Tell me about the year you’ve had so far?
I’m kind of always touring. My philosophy behind touring has been to do smaller runs of shows but keep playing constantly. So, for the last three and a half years, I’ve played more than 300 shows. But it’s never like six months on the road constantly. It’s two weeks or four weeks. I think the longest I’ve done is six weeks, and then I’ll take four weeks off. I like doing special things like the David Lynch festival. I just don’t see the value in longer [tours] that exhaust you and tire you out, and I want to make sure every performance has something fresh about it. I’m also starting to show new songs as I’m getting closer to finishing my second record for Rhye.
Are you going to record with Robin [Hannibal] in Denmark, too?
He’s actually not involved anymore. He’s not been involved in Rhye for a long time! I just never did any press about it. He was involved only in the very first stages, but he can’t play any instruments onstage and is really his own kind of individual. I’ve been pretty obscure about a lot of stuff. I just don’t always feel like I need to tell every little thing about what’s going on. People keep thinking that he was the keyboardist on stage with me, but he’s not; it’s this guy named Ben Schwier who’s a brilliant piano player.
Well, I’m glad you’re opening up now, and while it isn’t necessarily something you’d want to divulge, it’s best to have the truth out there. Is the new record finished?
Well, it’s almost finished, and usually from the point where it gets finished to release takes about six months. So, it’ll be next year but done very soon.

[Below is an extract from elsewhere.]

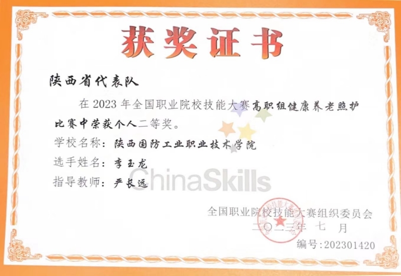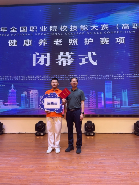 7月21日至22日,2023年全国职业院校技能大赛健康养老照护赛项在洛阳职业技术学院举行,共有来自全国30个省、市、自治区的61名选手参加本次比赛。经过两天的激烈角逐,我校经济管理学院教师严长远指导的学生李玉龙代表陕西省斩获国赛二等奖,取得西北五省高职院校的最好成绩。

Do you feel like you’re still maintaining the essence of Rhye and the sounds that you’ve been exploring for a few years?
I started doing songs a little more earthy in a lot of ways. Instead of a lot of the synth sounds, I started using a Hammond E-3 onstage, which is a 50-year-old organ. It just sounded so good live, so it informed a lot of the sound on the new record.
But I feel like that’s your way as an artist, to create space within your sounds. Were you inspired by certain things that set you off this year while you were writing it, or is this all material just milling in the back of your mind?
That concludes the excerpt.